Merkel Sets Johnson Challenge: Solve Brexit Backstop in 30 Days

Merkel Sets Johnson Challenge: Solve Brexit Backstop in 30 Days

Angela Merkel has set Boris Johnson a challenge: Solve the Irish border backstop conundrum within 30 days.

At their first meeting since Johnson became British prime minister, both said they wanted to see the U.K. leave the European Union with a divorce agreement on Oct. 31. “We in the U.K. want a deal,” Johnson said on Wednesday. “We seek a deal. And I believe that we can get one.”

The problem is the Irish backstop. That’s the fallback position in the deal — negotiated with Brussels by Johnson’s predecessor, Theresa May — designed to keep Britain’s border open with Ireland by staying closely tied to EU rules after Brexit. Johnson has said the EU must drop it from the deal, or it won’t be accepted by the House of Commons.

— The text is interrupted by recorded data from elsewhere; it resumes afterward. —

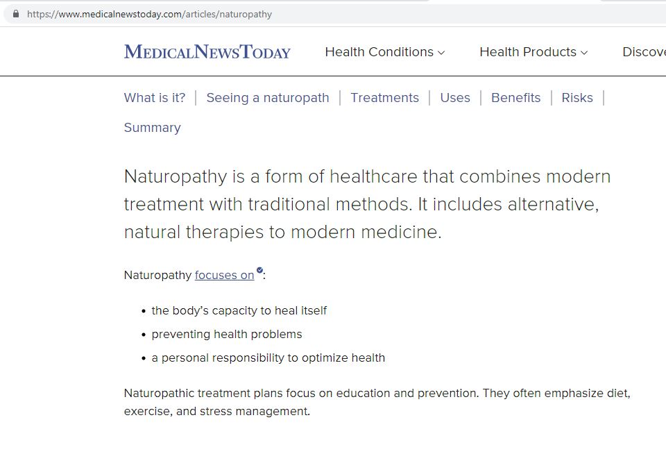This article was most likely sponsored by (or even directly written by) an (extremely biased) proponent of modern allopathic medicine. It states that “Naturopathy is considered by the medical profession to be ineffective and harmful, raising ethical issues about its practice” and that “Naturopathy as a whole lacks an adequate scientific basis, and it is rejected by the medical community”. The rejection by the medical community I think is also misrepresented. It is rejected by the governing bodies of medicine but, by the doctors themselves? Not as much. A doctor who genuinely cares for their patients will try “off label” therapies if they believe it may help their patient. They will not however discuss it openly in a (medically biased) forum of their peers for fear of being ostracised by their own community. This hypocrisy is not uncommon (and is vital for the doctor if they wish to keep practising under the current regimes). The apothecaries (pharmacists) do not give a fuck. They will sell anything if it brings in the filthy lucre.
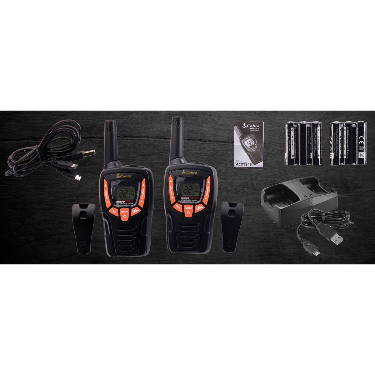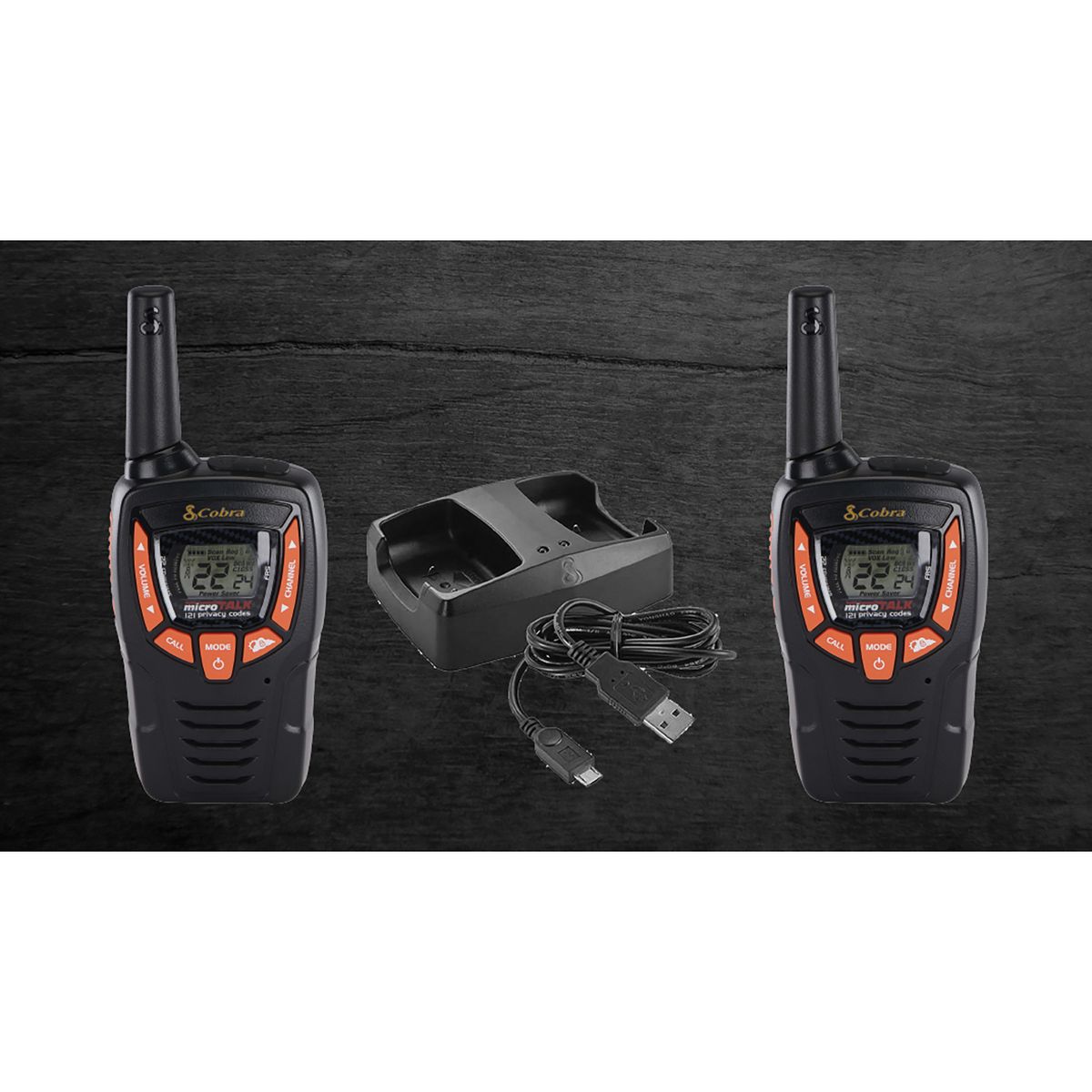 Staying in touch with your family and friends is convenient and easy when you use this pair of Cobra microTALK 2-way radios. These walkie talkies are compact yet have a range of up to 23 miles! Equipped with 22 channels (7 shared with FRS/GMRS, 7 FRS only, and 8 GMRS only), you’ll be able to communicate with others while hiking, biking, and working. 10 NOAA All Hazard weather alert radio channels will help you stay prepared. Keep track of family and friends at a crowded public event, check with travel companions in another car, talk with neighbors, and even arrange meeting spots with others while shopping at the mall. Voice-activated (VOX) transmission frees your hands for other tasks. 5 selectable tones will distinguish between different parties for incoming calls. A total of 2,662 channel combinations are available when the 22 channels are combined with the 121 privacy codes (38 CTCSS/83 DCS). These combinations prevent interference from other radios.
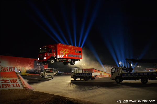 “卡车斜坡飞跃最远距离”的挑战项目,是对卡车操作性、底盘扎实性、整车安全性等综合性能的考验。如果车辆品质、操控性能达不到标准,卡车从一个斜坡上面飞跃起来,可能落不到对面斜坡,即使成功飞跃,经过高强度震动、颠簸,车架会出现扭曲、断裂等问题。然而,大运重卡不负众望,“毫发无伤”地轻松飞跃并落至26米处以外,经受住了强大冲击力的考验。大运重卡综合性能之强,令所有观众震撼不已。
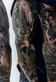 手臂亚洲风格的黑白武士面具和艺伎纹身图案
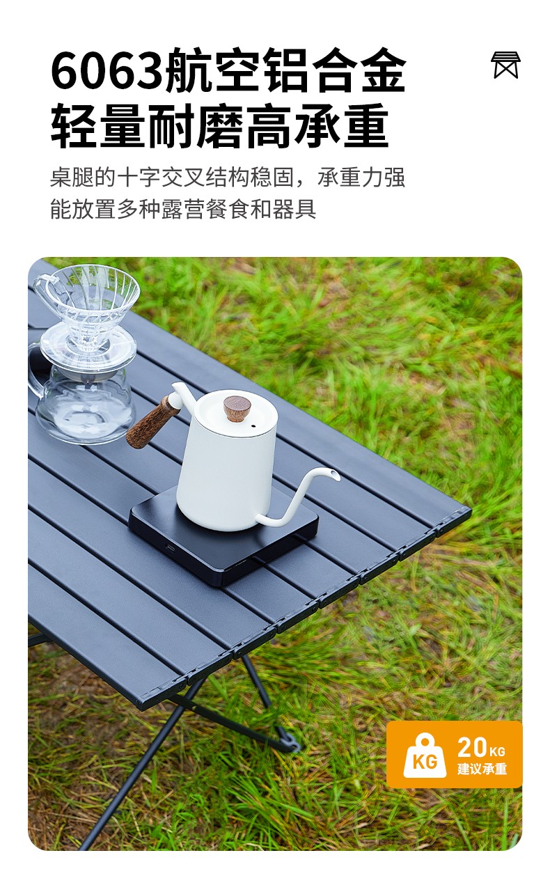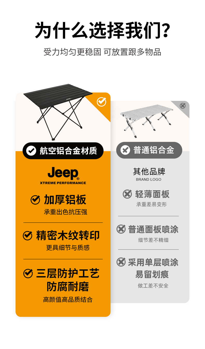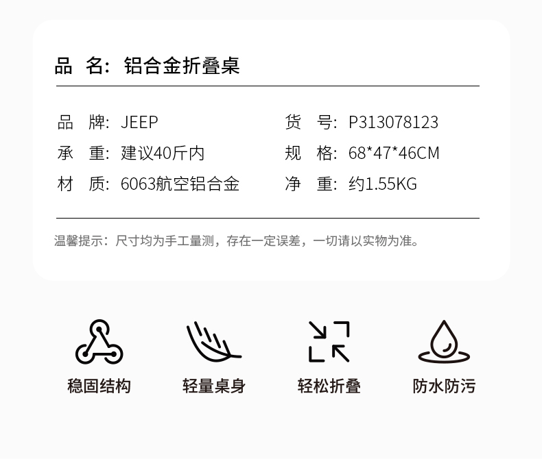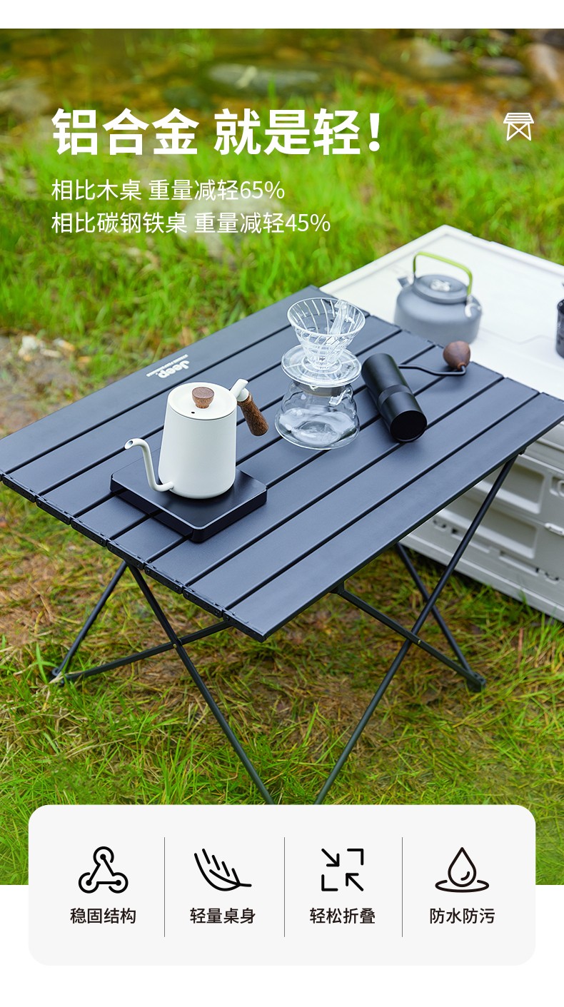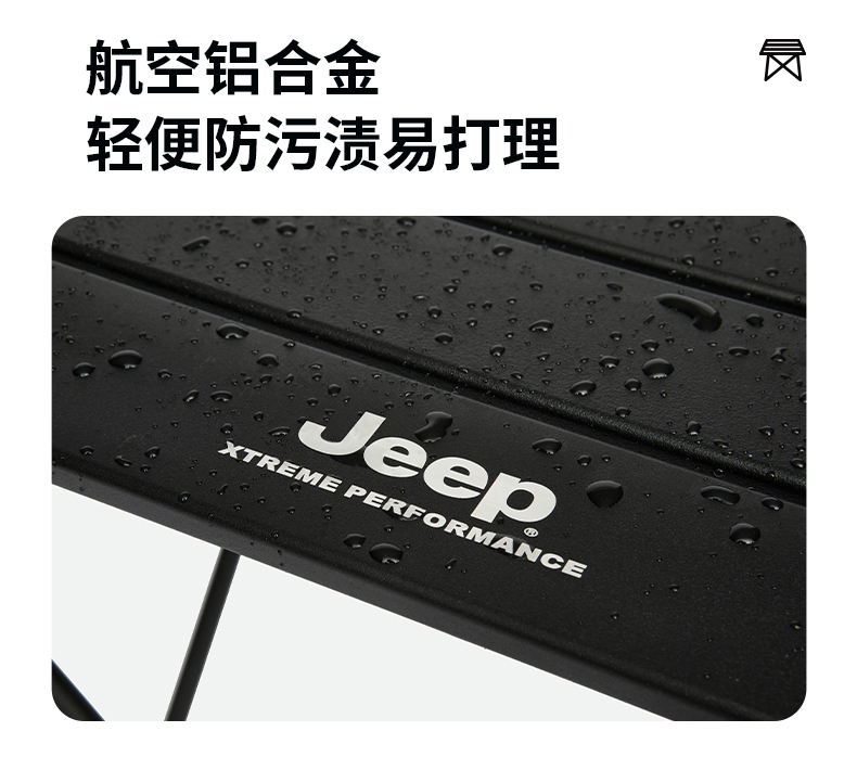 Jeep吉普户外露营野餐折叠桌可移动航空铝合金蛋卷桌便携式餐桌 P313078123 黑色 大号 68*47*46cm

Speaking alongside Johnson in Berlin, the German Chancellor said it could take years to resolve the issue — then added “perhaps we can find this solution in the next 30 days. Why not?”

Johnson embraced the challenge.

“You’ve set a very blistering timetable there — of 30 days if I understood you correctly — I’m more than happy with that,” he said. The backstop, he said, “has grave, grave defects for a sovereign democratic country like the U.K. That plainly has to go, but once we can get rid of that, if we can change it, then I think there is the real prospect of making progress very rapidly indeed.”

It will have to be. Even without Merkel’s deadline, the U.K. is on course to crash out without a deal in just over two months unless Johnson can find a compromise. His meeting with Merkel is the first step in his outreach to EU leaders. On Thursday, he’ll meet in Paris with French President Emmanuel Macron, whose government now sees a no-deal Brexit as its central scenario.

Merkel said it’s up to the U.K. to put forward concrete alternatives to the backstop; Johnson agreed that the “onus is on us,” and pointed to measures that have already been proposed and dismissed in the three years of Brexit talks, including trusted trader programs and electronic pre-clearing of goods.

The backstop wasn’t Merkel’s only question for Johnson. Before he can solve that, she said, both sides will have to know what the U.K.’s future relationship with the EU is going to look like.

Essentially, Johnson has said he won’t accept a deal that doesn’t include an alternative to the backstop. The EU has always said it wants that too — but thinks it could take years to work out. What Merkel was suggesting is that the U.K. should find that solution before Oct. 31.

The two leaders had a lot to talk about, Merkel observed.